Il leva le nez en l'air et béa.
Une vieille femme vêtue d'un chapeau
calèche, d'une camisole de nankin cailloutée de
taches, d'un tablier bleu sur lequel ballottait une plaque de
marchande des quatre saisons, en cuivre, de la forme d'un coeur,
était assise, les jambes pendantes, sur une poutre, et il
apercevait sous ses cottes relevées des cuisses
énormes soigneusement comprimées dans de
sévères bas à varices.
Sur une pochette de maître à
danser, elle jouait, en versant de grosses larmes, l'air de
« Beau grenadier que tu m'affliges » et les
boudins à la reine Amélie qui tirebouchonnaient le
long de ses tempes, sautaient en mesure, ainsi que ses larges pieds
chaussés de souliers en drap rouge, d'enfant de choeur.
En face d'elle, se tenait assis, dans une
écuelle de bois posée sur un madrier, un
cul-de-jatte, coiffé d'un bassin de malade, pareil à
un béret de porcelaine blanc, habillé d'un tablier de
mioche en cotonnade, à raies, attaché derrière
le dos, laissant libres les bras, couverts, du poignet au coude, de
manchettes en percale retenues comme celles des
charcutières, par de grands élastiques, d'un bleu
très doux.
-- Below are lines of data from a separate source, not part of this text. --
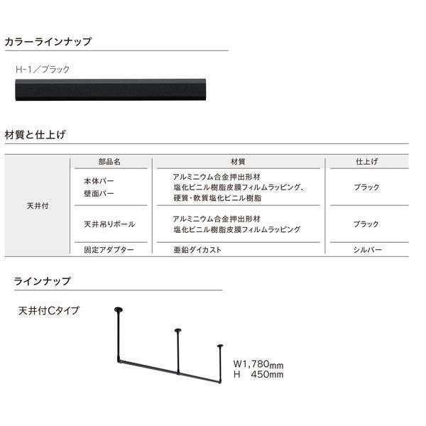 商品名:30017004 ハンギングバー H1 天井付 Cタイプセット ブラック 約W1780mm×H450mm
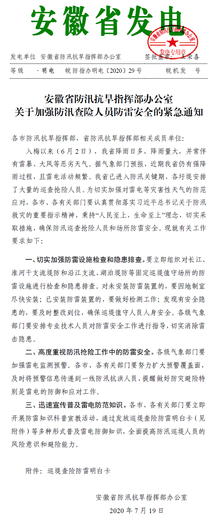 通知要求各市、各有關(guān)部門切實采取措施,確保防汛巡查搶險人員和場所防雷安全。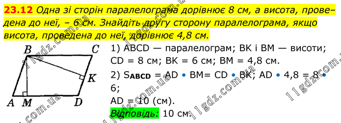 Одна зі сторін паралелограма дорівнює 8 см, а висота, прове– дена до неї, – 6 см. Знайдіть другу сторону паралелограма, якщо висота, проведена до неї, дорівнює 4,8 см. 1) ABCD — паралелограм; BK і BM — висоти; CD = 8 см; BK = 6 см; BM = 4,8 см. 2) SABCD = AD • BM= CD • BK; AD • 4,8 = 8 • 6; AD = 10 (см). Відповідь: 10 см.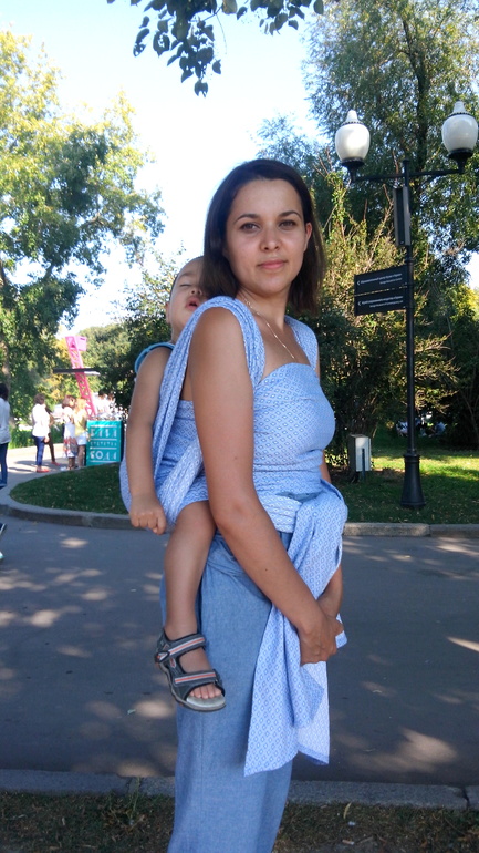 НовинкиВсем привет! С вами снова мама Луиза и 2 сына, слингосын Артём и фотограф Димон. Сегодня мы будем вам показывать новинку от Мать Ехидны по имени Диамант в расцветке скай.

Et cet homme soufflait
dans un pibroch (9), si fort, que ses yeux
verts disparaissaient, tels que des points de câpre,
derrière les ballons roses portant le nom d'un magasin,
formées par ses deux joues.
Jacques réfléchissait. Il
était dans un clocher et c'était bien naturel,
puisque étant dénué de pain, il avait
accepté cette place de sonneur dans une église. Ce
sont sans doute mes aides, se dit-il, en contemplant les deux
bizarres créatures qui tapageaient, là-haut, sur des
charpentes. Mais pourquoi pleure-t-elle ainsi, poursuivit-il, en
regardant les cataractes salées de larmes qui ruisselaient
sur le visage désolé de la vieille ? Elle se
sera disputée avec son mari, ce cul-de-jatte,
peut-être. Cette explication le satisfit. Puis il sauta sur
une autre idée. Il ne doit pas y avoir d'eau dans cette
tour, comment pourrai-je m'y installer ? Au fait, la vieille
consentira sans doute, moyennant une brève redevance,
à monter des seaux, voyons-la; il voulut la rejoindre,
s'aventura sur un madrier, mais effaré par le vide, il
fléchit, la gorge contractée, le front mouillé
de sueur. Il n'osait plus ni avancer, ni reculer; ses reins
pliaient, il tomba à quatre pattes, se mit à cheval
sur la poutre qu'il étreignit furieusement de ses deux
jambes et il ferma les yeux, car sa tête tournait; mais
l'angoisse les fit rouvrir; lentement, la poutre glissait comme
savonnée, entre ses cuisses. Il la vit diminuer, il sentit
le bout fuir sous son ventre, poussa un cri, battit l'air de ses
bras, s'abîma dans le gouffre.
Puis, dans la rue Honoré-Chevalier, qu'il arpentait, il se
frappa le front. Et ma canne, se dit-il ? Au moment où
il se trouvait, cet événement insignifiant prenait
une importance énorme. Il savait d'une façon
péremptoire que sa vie, que sa vie entière,
dépendait de cette canne. Il oscilla, affolé, revient
sur ses pas, courut d'un trottoir à l'autre, sans pouvoir
réunir deux idées sûres : — Mais je
l'avais tout à l'heure ! Mon Dieu ! Mon
Dieu ! où l'ai-je perdue ? Ah !... une
certitude absolue s'imposait soudain. C'était là
derrière cette porte cochère
entrebâillée, là, dans une cour où il
n'était jamais venu, qu'était sa canne !
Il pénétra dans une sorte de
puisard. Pas un chat, mais un air peuplé de
ténèbres habitées, empli d'invisibles corps.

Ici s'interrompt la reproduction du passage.